── Data excerpts ──
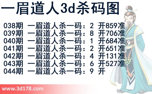 该一眉道人3d杀码图由3d之家3d图库频道原创,仅供彩民参考,温馨提供。
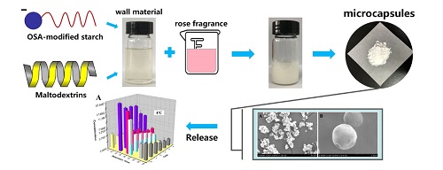 该研究团队还以辛烯基琥珀酸淀粉酯和麦芽糊精为壁材,玫瑰香精为芯材,制备出一款安全环保、且具有控释效果的淀粉基玫瑰缓释香精,并深入研究了辛烯基琥珀酸淀粉酯和麦芽糊精对玫瑰香精中特征香气物质释放的影响。相关研究以Microcapsules based on octenyl succinic anhydride (OSA)-modified starch and maltodextrins changing the composition and release property of rose essential oil为题发表在International journal of biological macromolecules(JCR一区,影响因子4.784)。
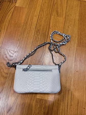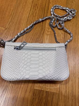 Removable chain strap, 12" drop Dimensions: 10.6"W x 5.1"H Magnetic snap closure Exterior zip pocket, interior zip pocket Silver-tone hardware Python-look embossed leather Lined Embossed Leather...
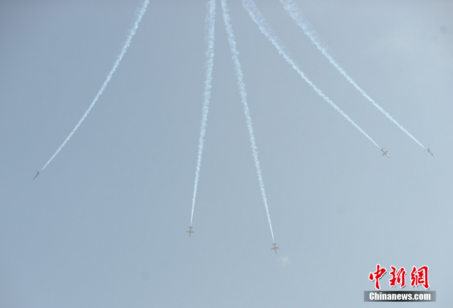 11月11日下午,“百年灵”喷气机特技飞行队在珠海上空进行了精彩飞行表演。陈海峰 摄
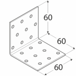 Plati leņķi ar daudzpusīgu perforāciju. Tajos ievietoto atveru skaits nodrošina, ka šie leņķi palīdz izveidot daudzus vienkāršus, kā arī sarežģītus savienojumus. Izgatavoti no cinkota tērauda DX51D + Z275, biezums 2 mm. Piemērotie stiprinājumi - galdniecības enkurnaglas ø 4 mm. Nestspēja un noturība 5.79 kN. Izmērs 60 x 60 x 60 x 2 mm.
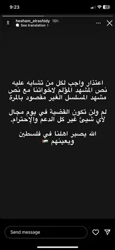 وردًا على الانتقادات، قال المخرج هشام الرشيدي عبر انستغرام: "أعذار واجب لكل من تشابه عليه نص المشهد المؤلم لاخواتنا، مع نص مشهد المسلسل غير المقصود بالمرة"، متابعًا ""لم ولن تكون القضية في يوم مجال لأيّ شيء غير كل الدعم والاحترام. الله يصبّر أهلنا في فلسطين ويعينهم".
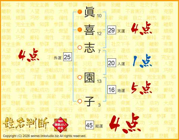 眞喜志園子さんの総運は45画の4点!
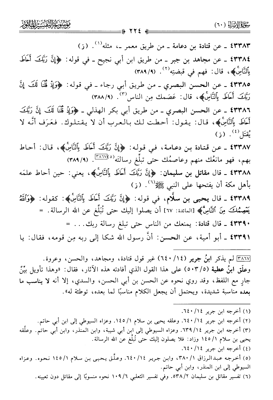 ٤٣٣٨٩ - قال يحيى بن سلّام، في قوله: {إن ربك أحاط بالناس}: كقوله: {والله يعصمك من الناس} [المائدة: ٦٧] أن يصلوا إليك حتى تُبَلِّغ عن الله الرسالة. =
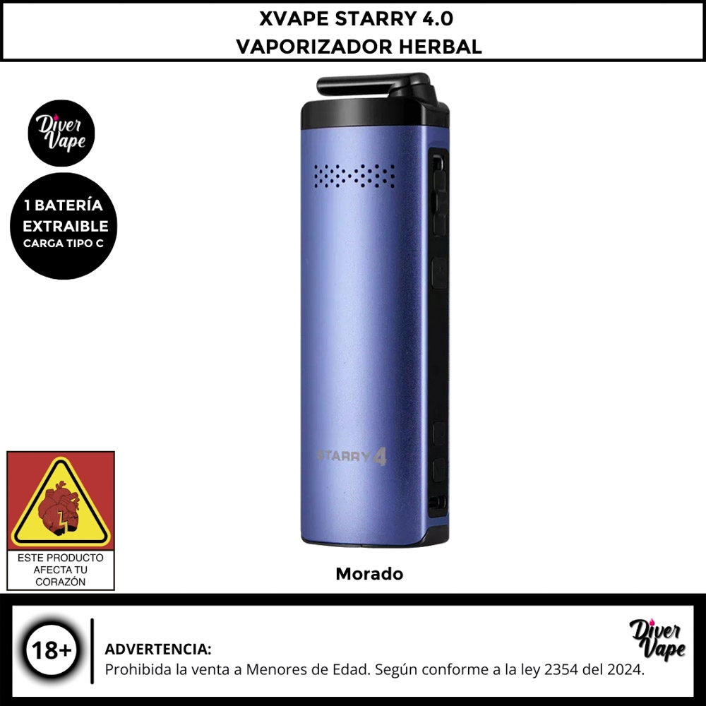 El Xvape Starry 4.0 es un vaporizador portátil versátil, de doble uso (para hierbas secas y concentrados) y reconocido por su excelente relación calidad-precio. Es una opción popular tanto para principiantes como para usuarios experimentados que buscan un dispositivo fiable y con funciones avanzadas en un formato compacto.
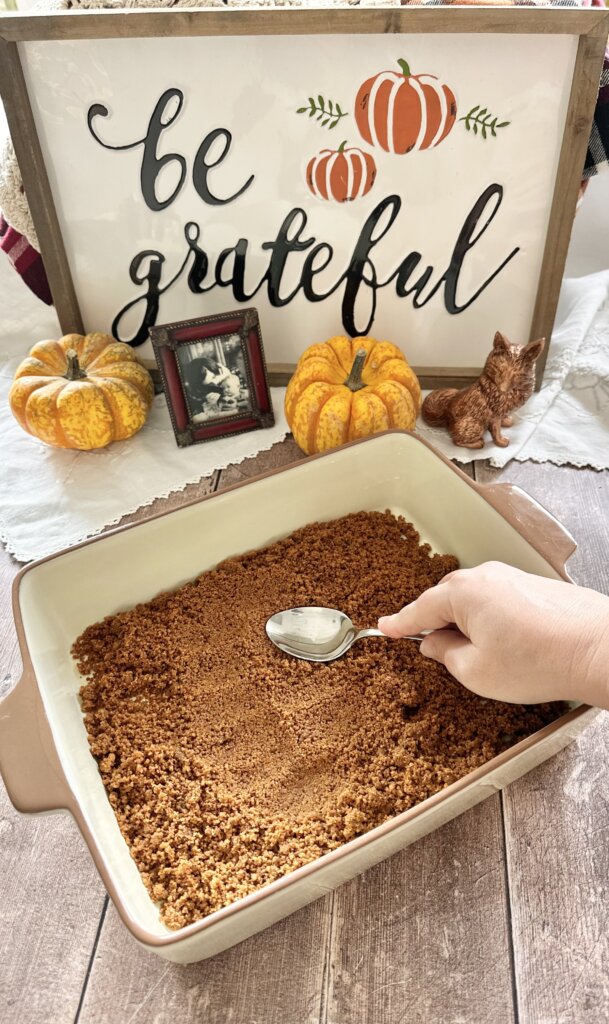 - Press the crumb mixture into 9×13 dish. Pack it in tight using the back of a metal spoon. Bake at 350℉ for 10 minutes. When finished, removed from the oven set aside to cool completely.
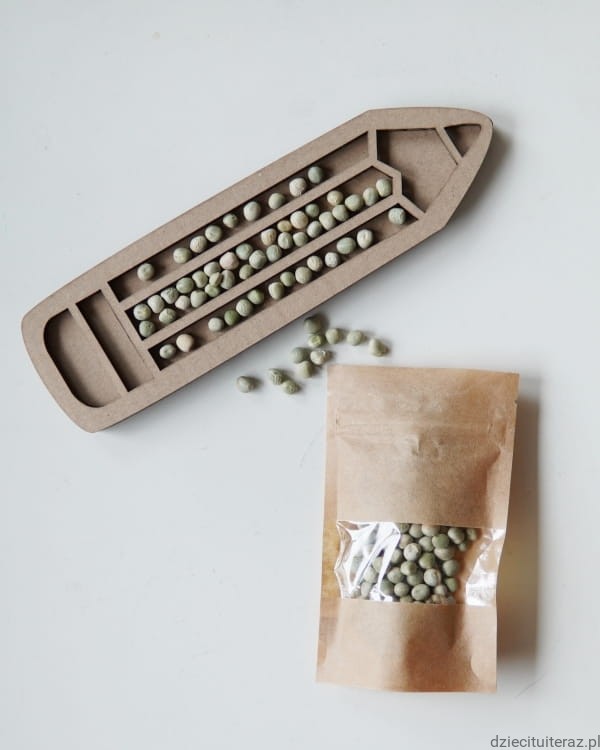 Torebka grochu zielonego do zabaw sensorycznych.
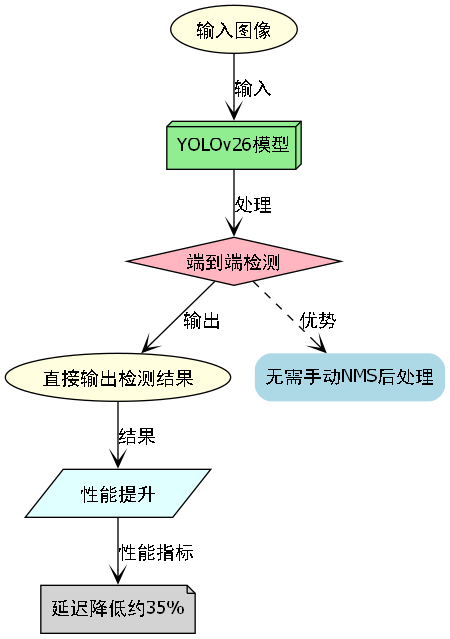 端到端无NMS推理:传统YOLO算法需要使用非极大值抑制(NMS)来消除重复检测框,而YOLOv26通过改进的网络结构,可以直接输出最终检测结果,省去了NMS步骤,显著提升了推理速度。
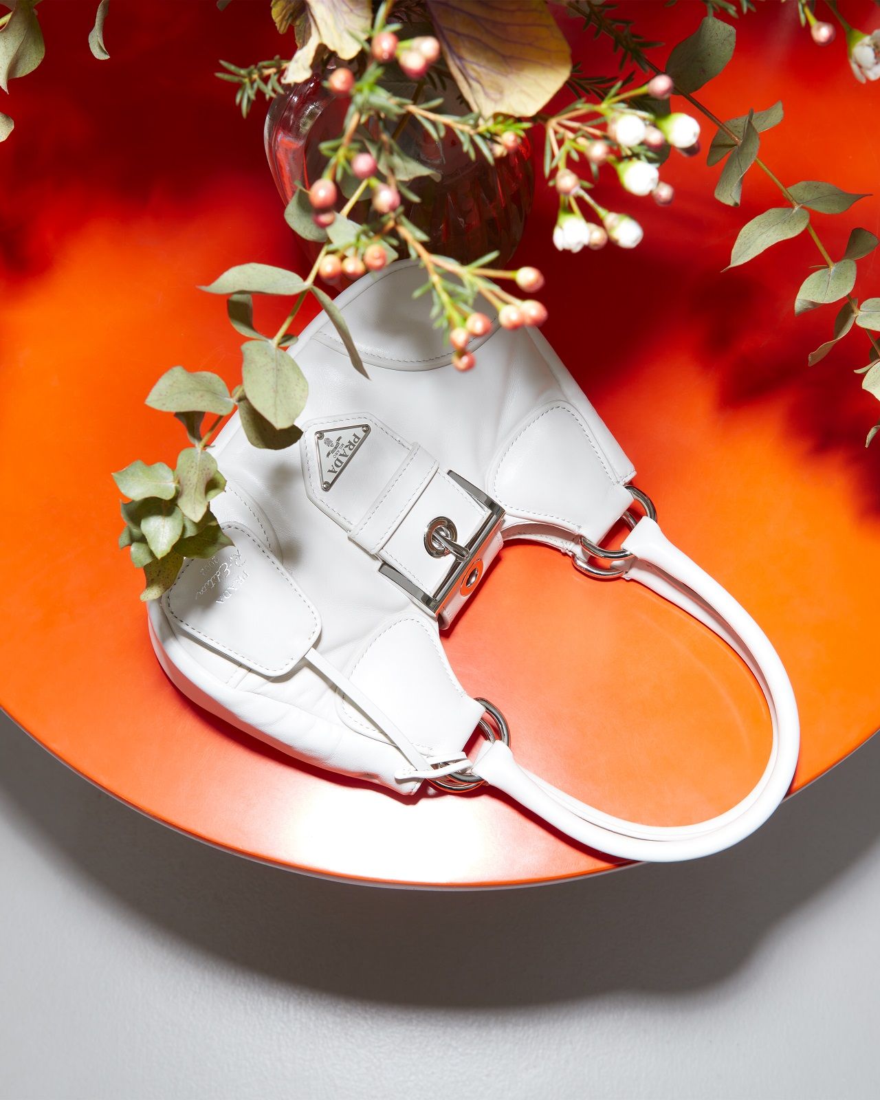 Versatile, colorful, small in size and a design that combines tradition and contemporaneity. Miuccia Prada and Raf Simons have revisited the iconic model from the early 2000s to breathe life into the season's new must-have accessory, which fascinates with its very name: Moon Bag. Debuting at the SS23 fashion show, the bag captivates with its curved, bold silhouette and ultra-soft nappa leather that has been treated ad hoc to give it a slightly rounded look that emphasizes the lightness of its shape. The secret of its appeal is the details that hark back to the history and craftsmanship of the Milanese brand. The first and most obvious is the large central metal clasp, which made its debut in the Spring/Summer 2002 collection and is now emblazoned with the triangular Prada logo in enameled metal, followed by the eyelet, an element from the world of sailing, offered in metal with a silver finish on the new object of desire. As usual with the brand's bags, the structured handles, detachable shoulder strap and tonne sur tonne key ring are not missing.
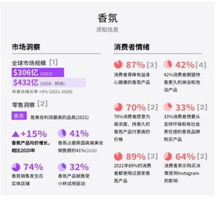 2021香水全球市场规模达到$306亿,年复合增长率5%;
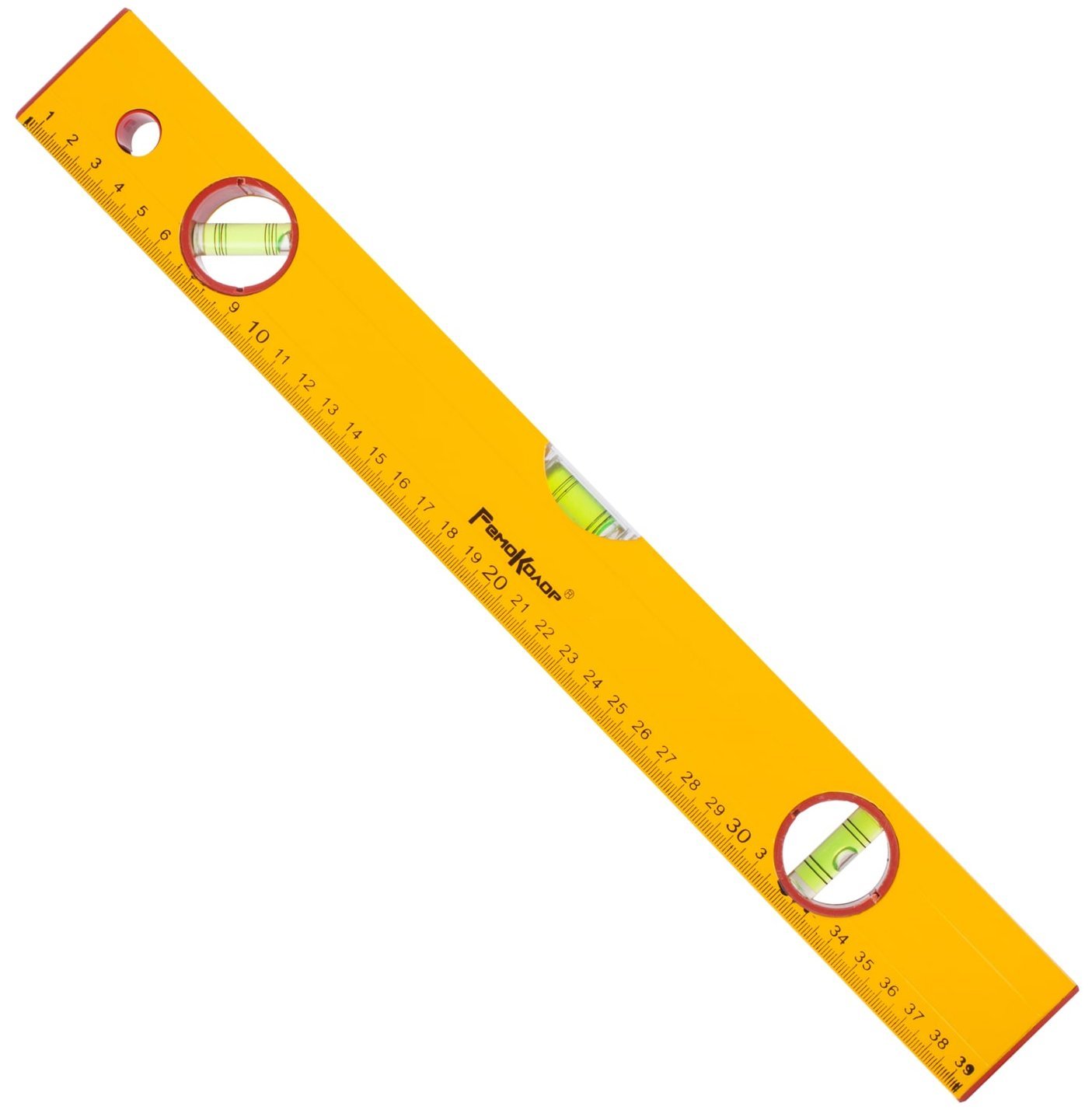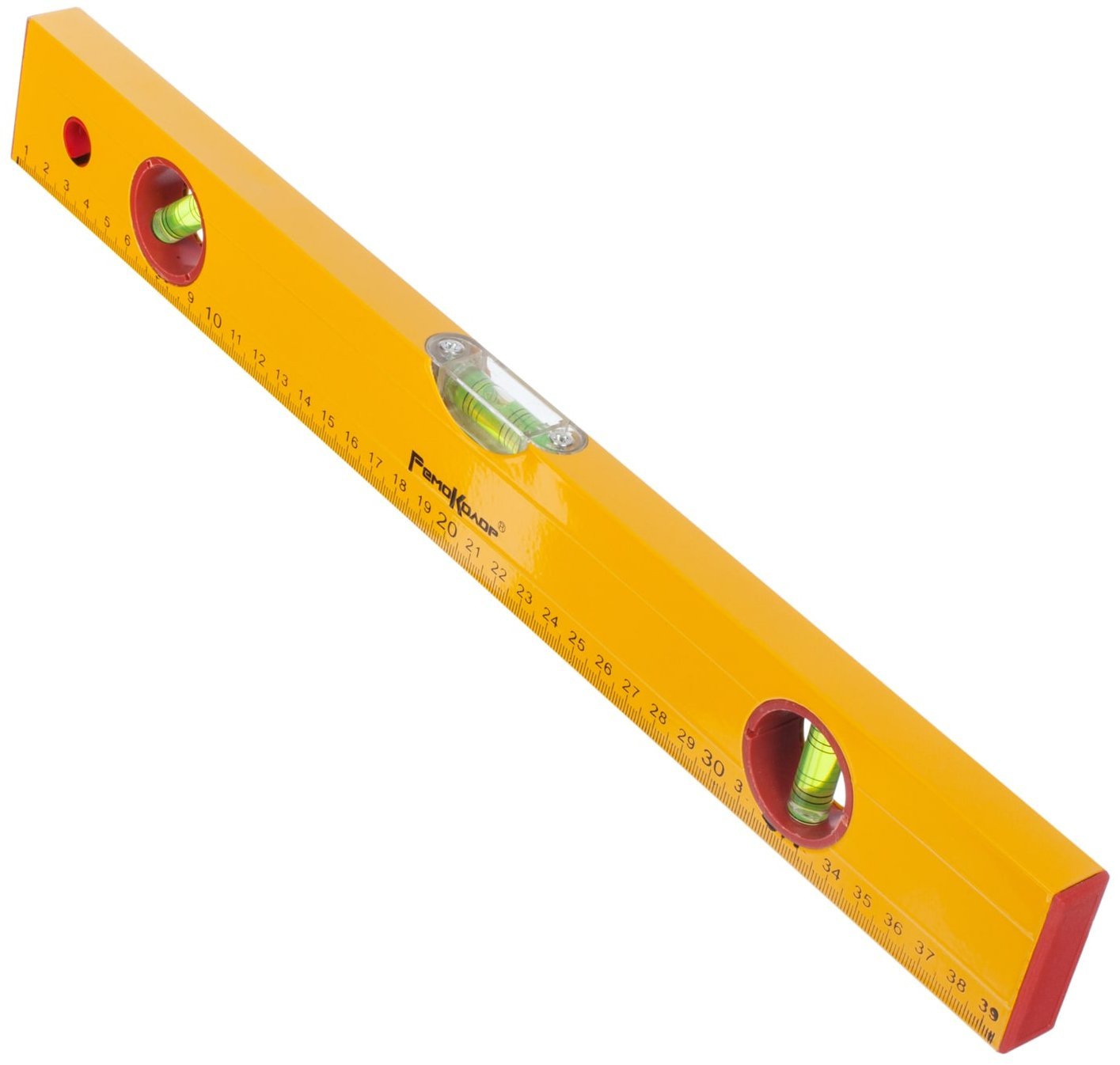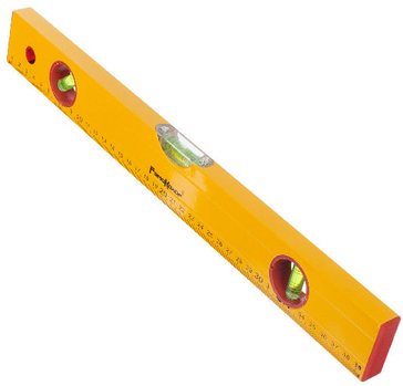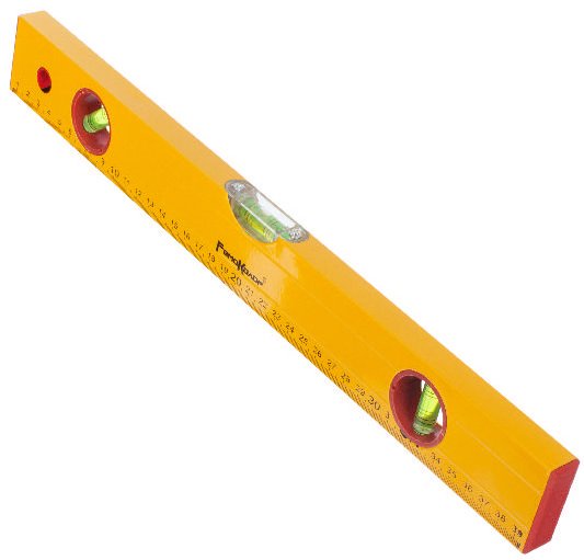Коробчатый алюминиевый корпус, 3 акриловых глазка, точность измерений – 1 мм/м, линейка. Ярко-желтый цвет корпуса и контрастная разметка на ампулах обеспечивают отличную видимость в любых условиях освещения. Резиновые накладки на торцах защищают уровень от повреждений при падении и предотвращают скольжение по поверхности. Материал изготовления: алюминий, пластик.
───
* [Task brief]: Print an exact copy of the lines above, from the one containing "Lined Embossed Leather..." through the one containing "٤٣٣٨٩ - قال", and leave out the pictures.

* [Exercise response]:
 Removable chain strap, 12" drop Dimensions: 10.6"W x 5.1"H Magnetic snap closure Exterior zip pocket, interior zip pocket Silver-tone hardware Python-look embossed leather Lined Embossed Leather...
 11月11日下午,“百年灵”喷气机特技飞行队在珠海上空进行了精彩飞行表演。陈海峰 摄
 Plati leņķi ar daudzpusīgu perforāciju. Tajos ievietoto atveru skaits nodrošina, ka šie leņķi palīdz izveidot daudzus vienkāršus, kā arī sarežģītus savienojumus. Izgatavoti no cinkota tērauda DX51D + Z275, biezums 2 mm. Piemērotie stiprinājumi - galdniecības enkurnaglas ø 4 mm. Nestspēja un noturība 5.79 kN. Izmērs 60 x 60 x 60 x 2 mm.
 وردًا على الانتقادات، قال المخرج هشام الرشيدي عبر انستغرام: "أعذار واجب لكل من تشابه عليه نص المشهد المؤلم لاخواتنا، مع نص مشهد المسلسل غير المقصود بالمرة"، متابعًا ""لم ولن تكون القضية في يوم مجال لأيّ شيء غير كل الدعم والاحترام. الله يصبّر أهلنا في فلسطين ويعينهم".
 眞喜志園子さんの総運は45画の4点!
 ٤٣٣٨٩ - قال يحيى بن سلّام، في قوله: {إن ربك أحاط بالناس}: كقوله: {والله يعصمك من الناس} [المائدة: ٦٧] أن يصلوا إليك حتى تُبَلِّغ عن الله الرسالة. =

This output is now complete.